The Study of Religion

Religion

Religion is a social concept used to refer to a group of beliefs, practices, and institutions. Most academic studies of religion focus on the beliefs, rituals, and symbols of religious traditions, but some also investigate the effects of religious belief and practice on individual and societal well-being. The study of religion has a long history, and there are many schools of thought about how it should be approached. The study of religion has also been influenced by cultural changes, such as the European Enlightenment of the 17th and 18th centuries, which shifted intellectual understandings of religion away from earlier theological forms.

Historically, most attempts to analyze religion have been monothetic, or operating with the classical view that every instance accurately described by a given concept will share a defining property that puts it in the category. Recently, however, scholars have been experimenting with “polythetic” approaches, which abandon this classical view and treat concepts as having prototypes rather than one-size-fits-all properties.

A key assumption in these polythetic approaches is that human societies and cultures vary greatly and therefore a single, comprehensive definition of religion would be useless. A more useful approach is to treat the term as a social genus that can occur in some cultures but not others. This perspective allows us to recognize the fact that there are some beliefs and practices that are commonly seen as religions in different cultures, but it also means that people can be religious without believing in disembodied spirits or cosmological orders.

Moreover, this generative perspective makes it possible to identify the social and cultural influences that shape specific manifestations of religion, thus providing an important analytical tool for comparison.
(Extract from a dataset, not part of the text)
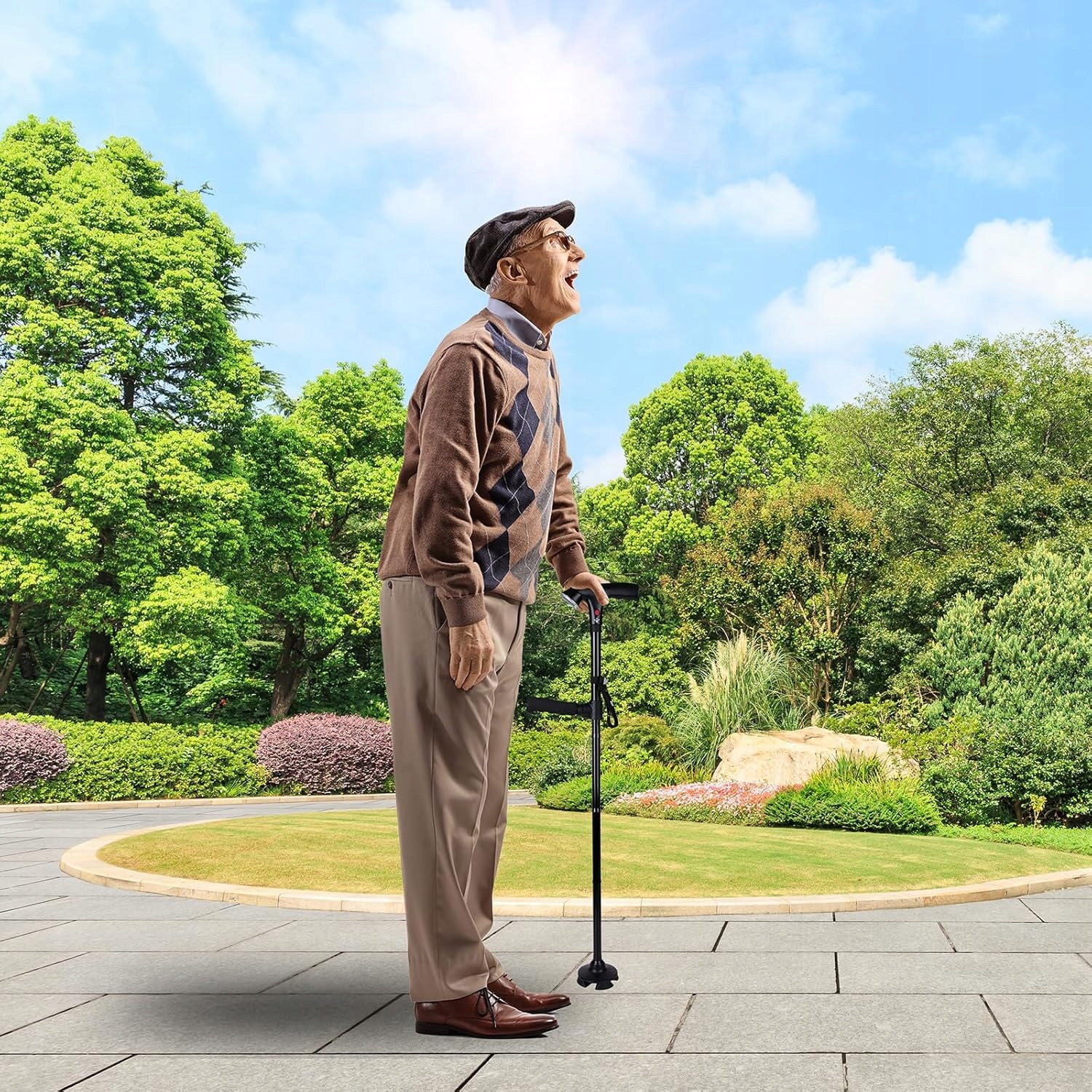 🩼🩼🩼 【Противоскользящий дизайн】Регулируемая трость имеет нескользящую резину. наконечник снизу, чтобы предотвратить падение и обеспечить безопасность. Четырехоснование, вращающееся на 360 градусов, обеспечивает дополнительное сцепление и устойчивость, поэтому ваши палки не скользят по мокрому асфальту или любой другой поверхности. Это позволяет вам легко ходить, бегать и поворачиваться.
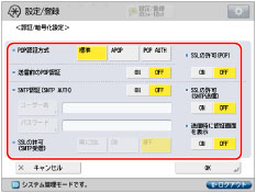 通信内容を暗号化する場合は、<SSLの許可(SMTP送信)>を「ON」に設定します。

This is especially true when it comes to the reworking of religious beliefs and practices in response to changing cultural conditions.

For example, the emergence of the Ghost Theory in the late 19th century attributed the origins of religion to the service and propitiation of departed relatives. This theory suggests that the first religious offerings were food, weapons and utensils that were deposited in tombs as a form of homage to great nature-deities whose occupations, needs and tastes in the next life were mistakenly assumed to be similar to those of earthly existence.

Other influential books in the reflexive turn of anthropology included Talal Asad’s Genealogies of Religion (1993), which applies Michel Foucault’s genealogical method to the field of religion. Asad argues that the concept of religion that operates in contemporary anthropology has been shaped by assumptions that are both Christian (in the sense that it takes beliefs as a universal inner state characteristic of all religions) and modern (in the sense that it treats religion as essentially distinct from politics). As a result, the term is problematical because it fails to recognize the social, political and economic forces that shape religious phenomena. To remedy this, he suggests that the concept of religion should be revised to include more than the traditional three-sided model of the true, the beautiful and the good, to add a fourth dimension: community.